**Work instruction:** All of the data should be output character for character, except the pictures.

Saved data entries:
Content starts
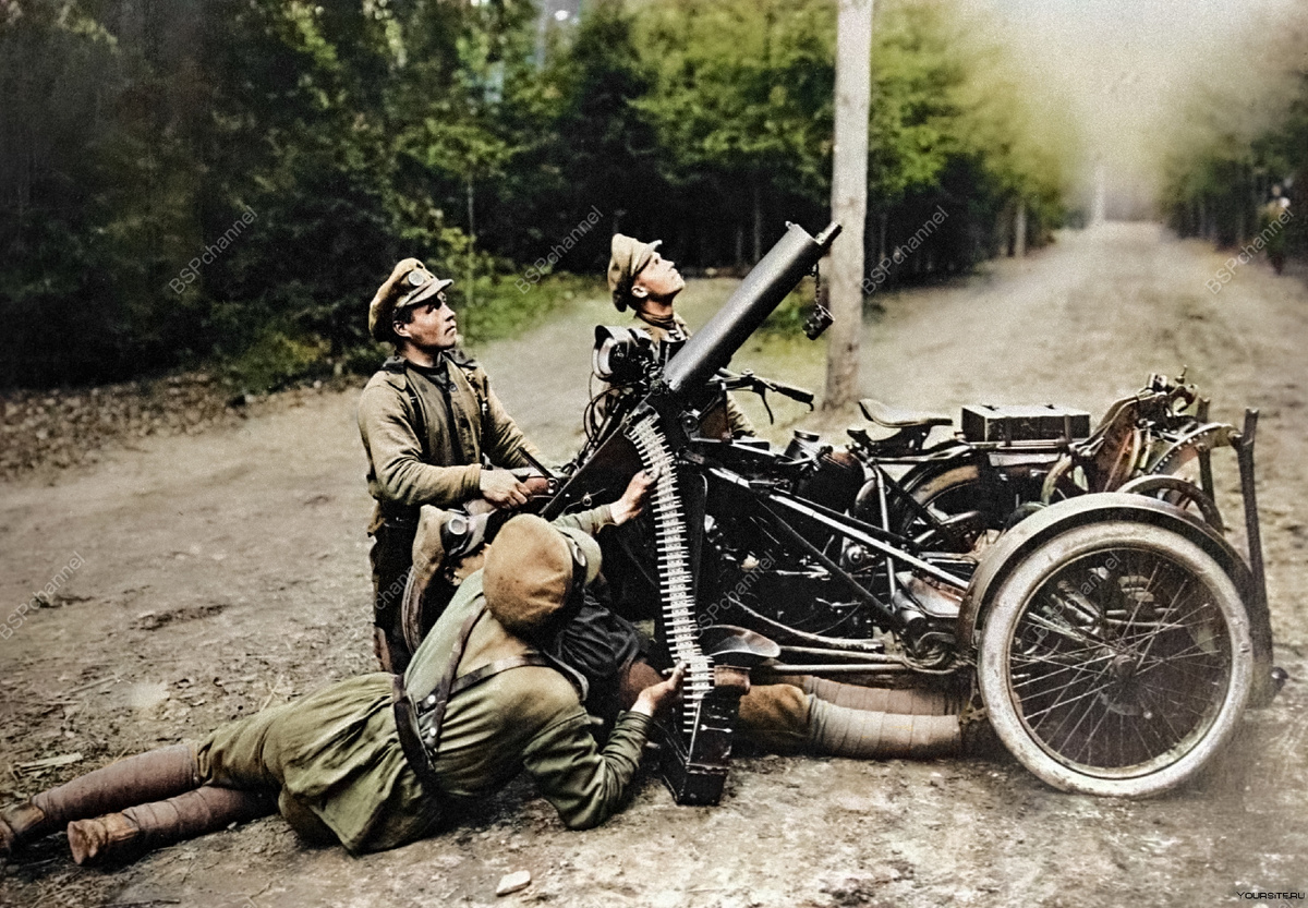 Военнослужащие действующей армии стреляют из пулемета по аэроплану во время Первой Мировой войны, 1916 год.
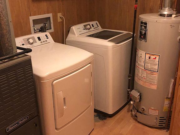 Fresh paint andnewer carpet welcomes you in the two bedroom brick ranch duplex. Stove, refrigerator, and matching newer washer and dryer in the laundry room are furnished. Tenant pays all utilities. No smoking and no pets. Owner provides lawn care.
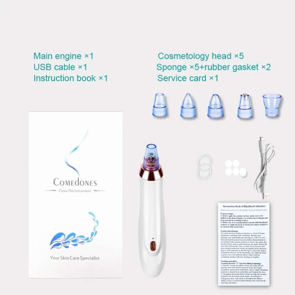 Посылка: 1 шт. Основное устройство, 5 шт. голова для косметолога, 5 шт. губка, 2 шт. резиновое кольцо, 1 шт. usb-кабель, 1 шт. руководство пользователя на английском языке
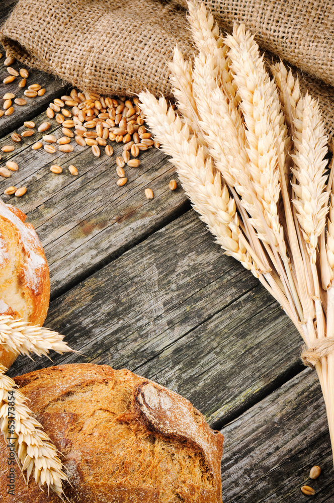 Agricultural frame with bread and wheat
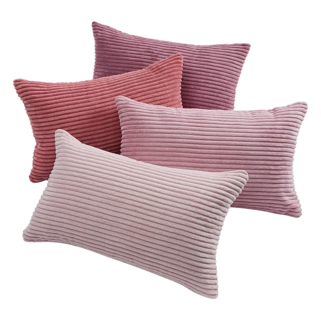 Housse Coussin Rose Velours Côtelé 30x50 - Lot de 4 - Décoration Chambre Salon Jardin - Douceur Absolue
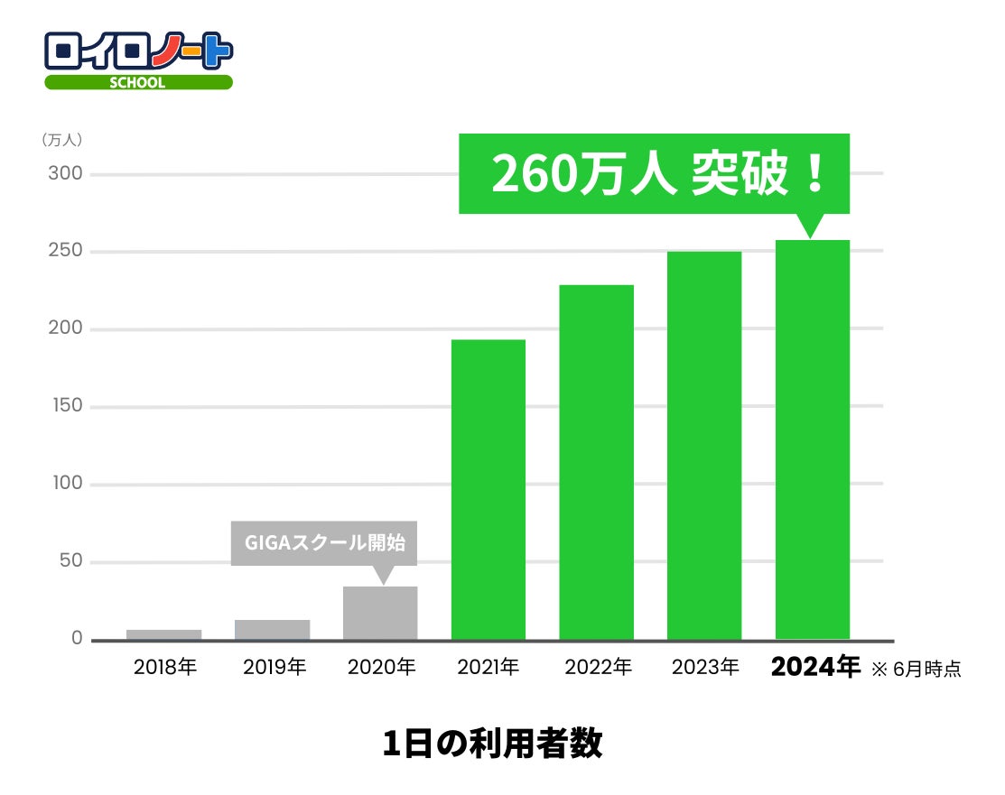 2024年7月現在、1日の利用者数は260万人を超えており、2019年12月時点から約25倍にまで増加しました。これは日本の教員、小学校から高等学校までの児童・生徒の合計 約1300万人のうち、5人に1人の割合で利用されていることを示しています。
Content ends
**The completed task:**
 Военнослужащие действующей армии стреляют из пулемета по аэроплану во время Первой Мировой войны, 1916 год.
 Fresh paint andnewer carpet welcomes you in the two bedroom brick ranch duplex. Stove, refrigerator, and matching newer washer and dryer in the laundry room are furnished. Tenant pays all utilities. No smoking and no pets. Owner provides lawn care.
 Посылка: 1 шт. Основное устройство, 5 шт. голова для косметолога, 5 шт. губка, 2 шт. резиновое кольцо, 1 шт. usb-кабель, 1 шт. руководство пользователя на английском языке
 Agricultural frame with bread and wheat
 Housse Coussin Rose Velours Côtelé 30x50 - Lot de 4 - Décoration Chambre Salon Jardin - Douceur Absolue
 2024年7月現在、1日の利用者数は260万人を超えており、2019年12月時点から約25倍にまで増加しました。これは日本の教員、小学校から高等学校までの児童・生徒の合計 約1300万人のうち、5人に1人の割合で利用されていることを示しています。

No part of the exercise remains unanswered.